> _Aim of the task_
The whole listing is to be restated word for word with no images.

> _Dataset extract_
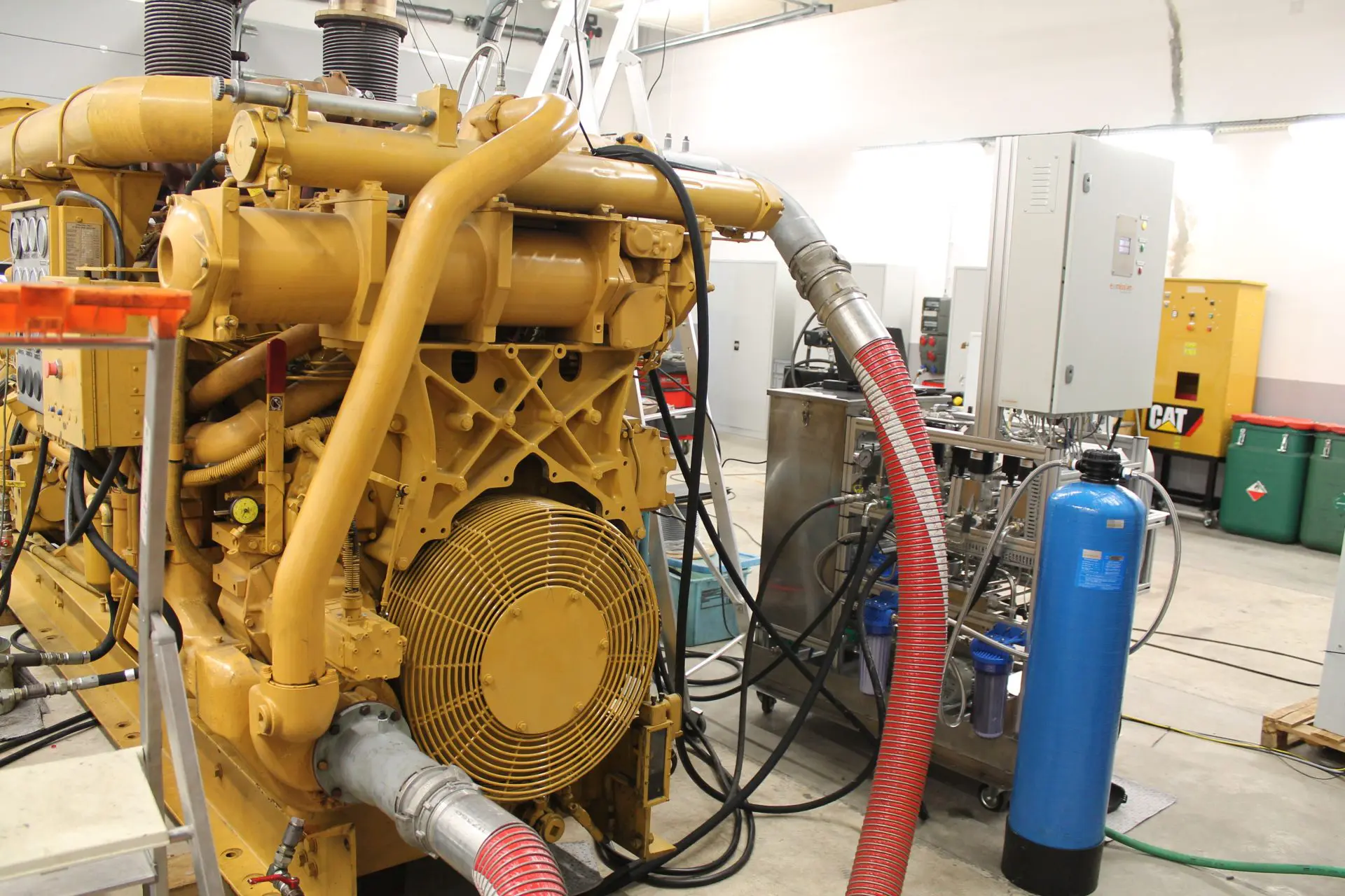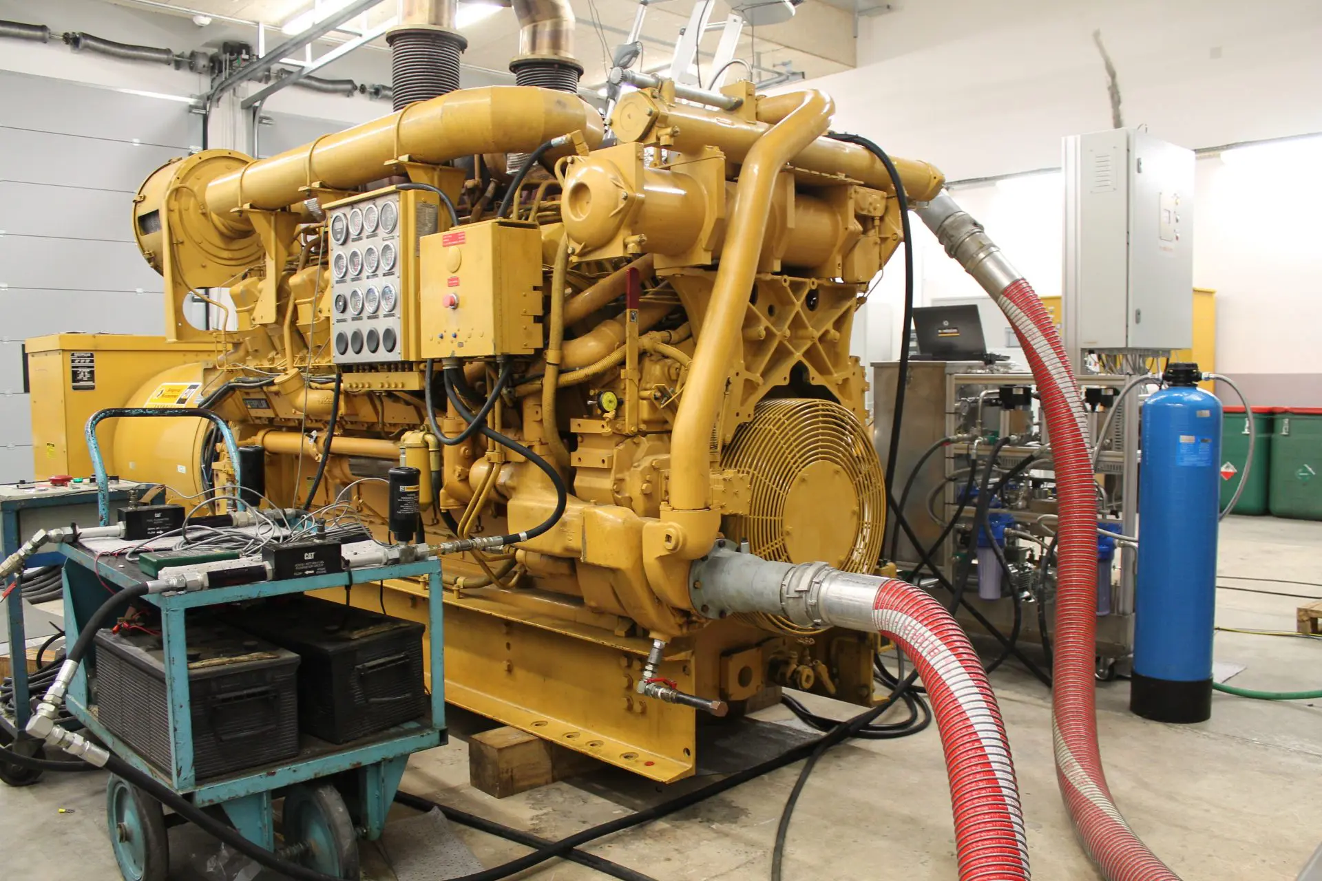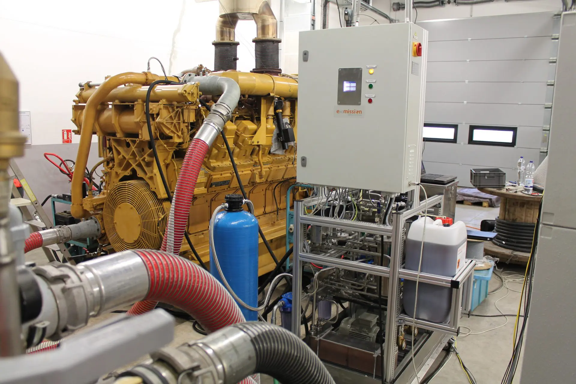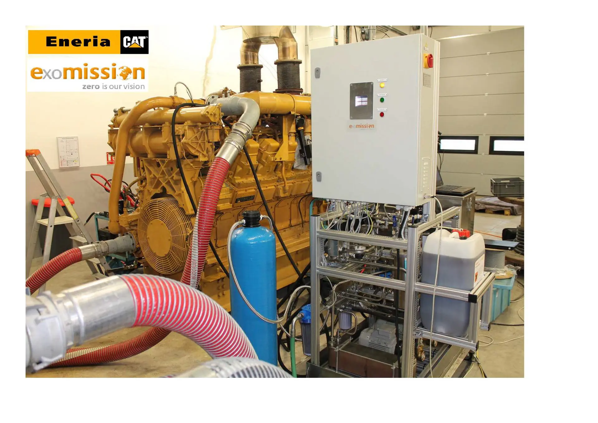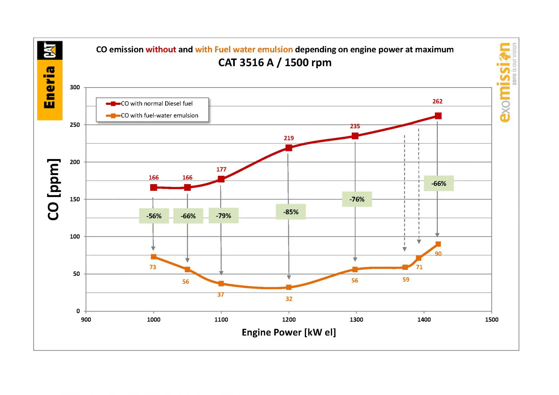 Auf Einladung des französischen CAT-Importeurs, der Firma ENERIA in Montlhéry Cedex, sollte an einem CAT3516A mit 1.492 kW aus dem Jahr 1992 untersucht werden, ob es möglich ist, mit KWE-Technik die NOx-Emissionen dieser Motoren unter den von dem französischen Energieversorgungsunternehmen EDF geforderten Wert von 2.000 mg/Nm3 zu bringen und parallel die Rußemissionen zu reduzieren. Die ausführlichen Versuche am Prüfstand von ENERIA südlich von Paris zeigten, dass dies durchaus möglich ist. Von ca. 7.000 mg/Nm3 NOx ausgehend konnte dargestellt werden, dass die NOx-Emissionen des Motors mit zunehmendem Wassergehalt in der Emulsion sukzessive reduziert werden, so dass in der Spitze eine NOx-Reduktion von 80% realisierbar war. Parallel waren die im Originalzustand sogar am Kamin sehr deutlich sichtbaren Rußemissionen schon bei mittleren Wassergehalten in der Emulsion nicht mehr sichtbar und konnten bis zur Nachweisgrenze (Reduktion > 99%) gebracht werden. Zusätzlich reduzierte der Emulsionsbetrieb auch die CO-Emissionen um 55 bis 85%.
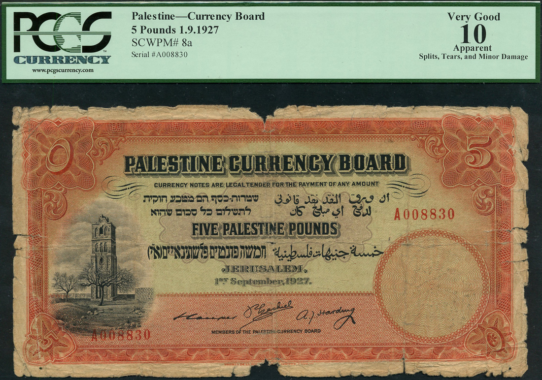 (TBB B103a, Pick 8a), in PCGS holder number 10, very good, few examples believed extant and a key note for the series and missing in most collections of Palestine currency
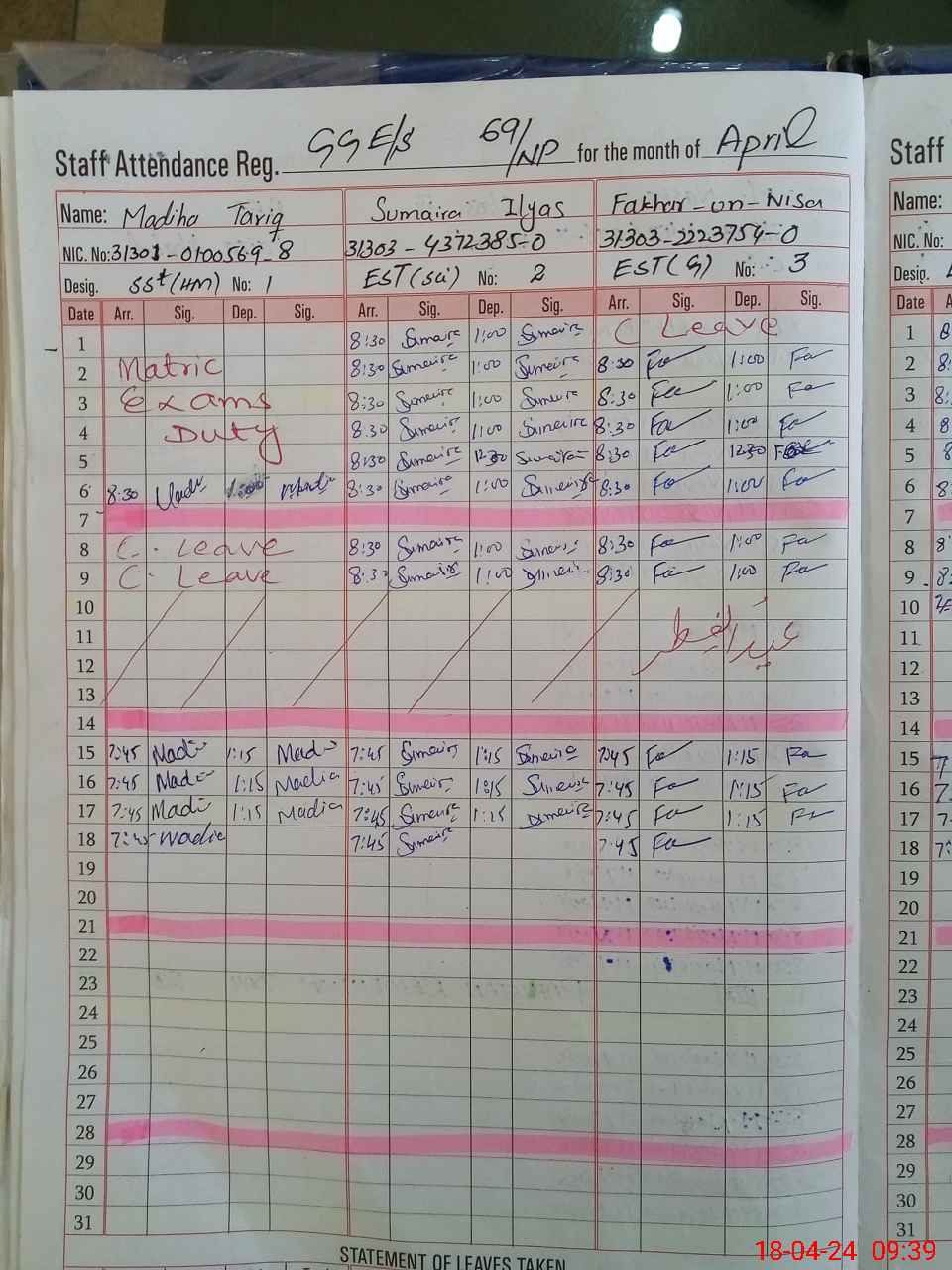 | CNIC | Full Name | Designation | R/C | Absence During Last Calender Month |

> _Answer for this exercise_
 Auf Einladung des französischen CAT-Importeurs, der Firma ENERIA in Montlhéry Cedex, sollte an einem CAT3516A mit 1.492 kW aus dem Jahr 1992 untersucht werden, ob es möglich ist, mit KWE-Technik die NOx-Emissionen dieser Motoren unter den von dem französischen Energieversorgungsunternehmen EDF geforderten Wert von 2.000 mg/Nm3 zu bringen und parallel die Rußemissionen zu reduzieren. Die ausführlichen Versuche am Prüfstand von ENERIA südlich von Paris zeigten, dass dies durchaus möglich ist. Von ca. 7.000 mg/Nm3 NOx ausgehend konnte dargestellt werden, dass die NOx-Emissionen des Motors mit zunehmendem Wassergehalt in der Emulsion sukzessive reduziert werden, so dass in der Spitze eine NOx-Reduktion von 80% realisierbar war. Parallel waren die im Originalzustand sogar am Kamin sehr deutlich sichtbaren Rußemissionen schon bei mittleren Wassergehalten in der Emulsion nicht mehr sichtbar und konnten bis zur Nachweisgrenze (Reduktion > 99%) gebracht werden. Zusätzlich reduzierte der Emulsionsbetrieb auch die CO-Emissionen um 55 bis 85%.
 (TBB B103a, Pick 8a), in PCGS holder number 10, very good, few examples believed extant and a key note for the series and missing in most collections of Palestine currency
 | CNIC | Full Name | Designation | R/C | Absence During Last Calender Month |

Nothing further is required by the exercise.